Zachodziło słońce. Chciałam dalej pisać swoją historię, ale nie tę w komputerze, a tę w której to ja jestem główną bohaterką. Wyłączyłam laptopa i usiadłam na parapecie, wpatrując się w przeróżne odcienie błękitu, granatu, różowego, fioletowego i pomarańczowego. Chmura dodawały uroku.

Pomimo tak młodego wieku, już zdążyłam poczuć się źle. Czułam się niewystarczająca, uważałam się, za złą przyjaciółką i za kogoś, kto nic nie znaczy. Moją głowę zasypały wspomnienia, kiedy prawie każdej nocy, wypalałam po kilkanaście papierosów, a rozgrzaną zapalniczkę zabierałam spowrotem do pokoju, ale nie chowałam jej.

Na te wspomnienie, poczułam dreszcze.

Zwyciężyłam wiele bitew i gdy moja głowa kazała mi się poddać, ja powiedziałam jej stanowcze nie. Dzięki temu teraz tutaj jestem i dalej się składam. Jestem niczym puzzle, które zostały złamane. Wyrzucone w jakiś ciemny kąt. Od miesięcy próbowałam się poskładać, dopasować do układanki, jaką tworzyło życie. To były tylko niefortunne zdarzenia, a tak wpłynęły na moje życie.

Życie było pewnego rodzaju książką, którego nie można było oznaczyć ani dodać do żadnego rodzaju. Jedni mówili, że życie jak życie i każde się kończy, ale ja widziałam w nim coś więcej. Los brał nas w swoje ręce, gdy nie mieliśmy pojęcia, co mamy zrobić w danej sytuacji. Ktoś z góry zakładał, że damy sobie radę. Może i czasami tak nie było, ale wychodziliśmy z tego cało.

Życie czasami prowadziło mnie do drzwi przeszłości i kiedy bym je otworzyła, na pewno zatraciłabym się - ale nie chciałam tego.

Nagle wparował mi do pokoju jakiś obcy szatyn z głośnikiem na ramieniu.

- Co robisz w moim pokoju, Diego?

- Miałem iść na kurs bachaty, ale zrezygnowałem, bo twój przyjaciel się nie pojawił.

- Jeśli szukasz Jeremiego, to też nie wiem, gdzie jest.

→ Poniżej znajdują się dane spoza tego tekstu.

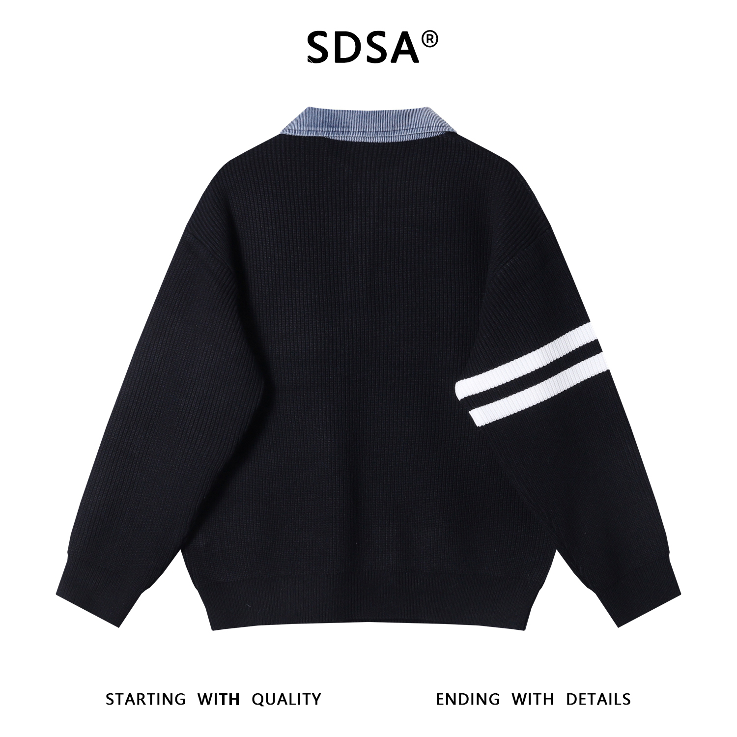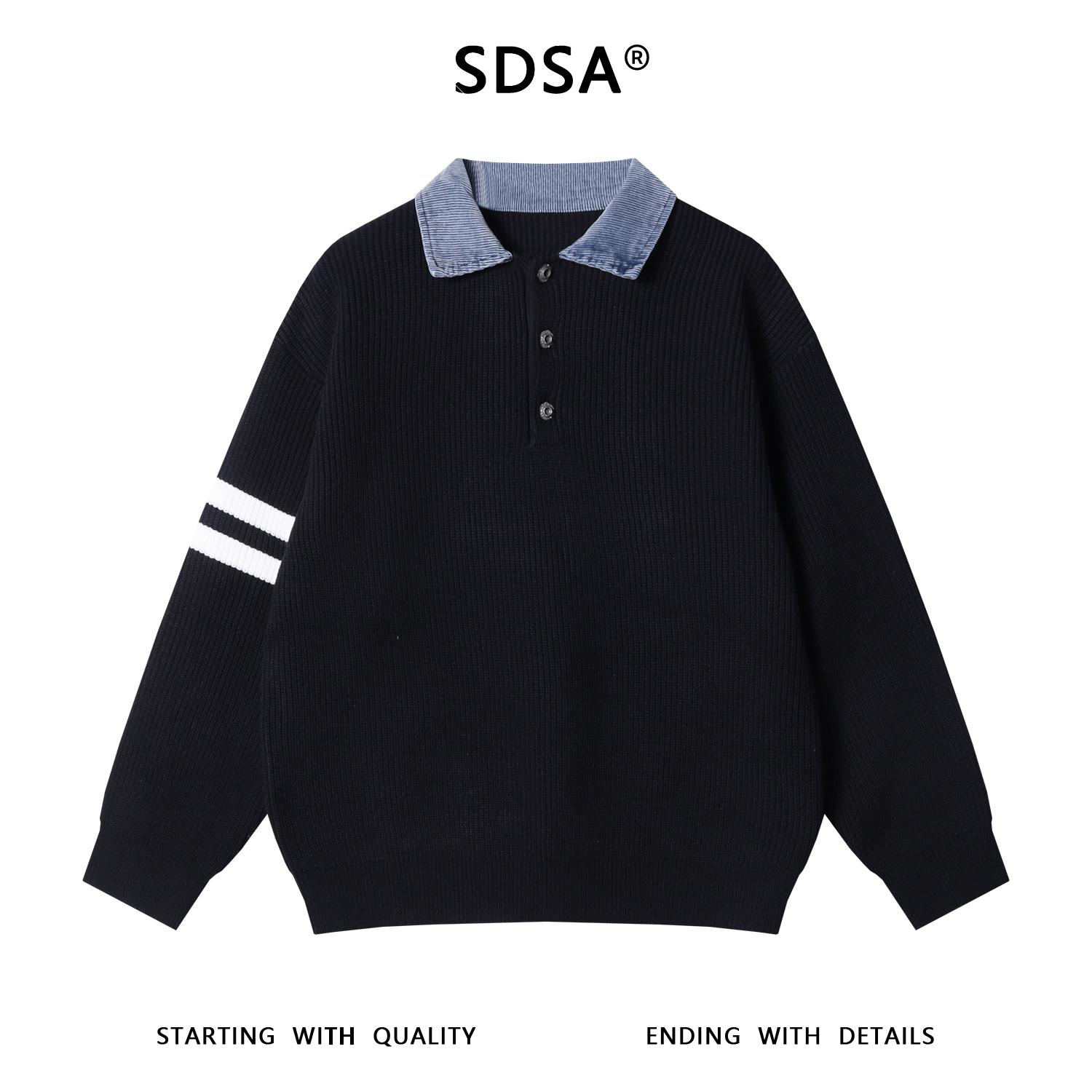 257168SDSA男士秋冬新款痞帅男装韩版撞色竖纹拼接POLO领毛衣百搭时尚

Chłopak postawił ciężki, czarny, głośnik na podłodze i kilka razy naciskał jeden przycisk.

- Co ty - nie zdążyłam dokończyć myśli, gdy usłyszałam jak z głośnika leci La bachaty od Manuela Turiza.

Szatyn posłał swój szeroki uśmiech i dobrze wiedziałam, że ja też zaczynam się uśmiechać. Osiemnastolatek zaczyna przede mną tańczyć podstawowy krok bachaty. Potem dokłada drugi krok i patrzy przy tym na mnie, jakby chciał sprawdzić czy znam ten taniec.

Bachata była dla mnie, kolejnym nowym zapomnieniem, jakiegoś rodzaju ucieczką. Schowałam twarz w dłoniach, gdy usłyszałam swój ukochany refren piosenki od kolumbijskiego piosenkarza.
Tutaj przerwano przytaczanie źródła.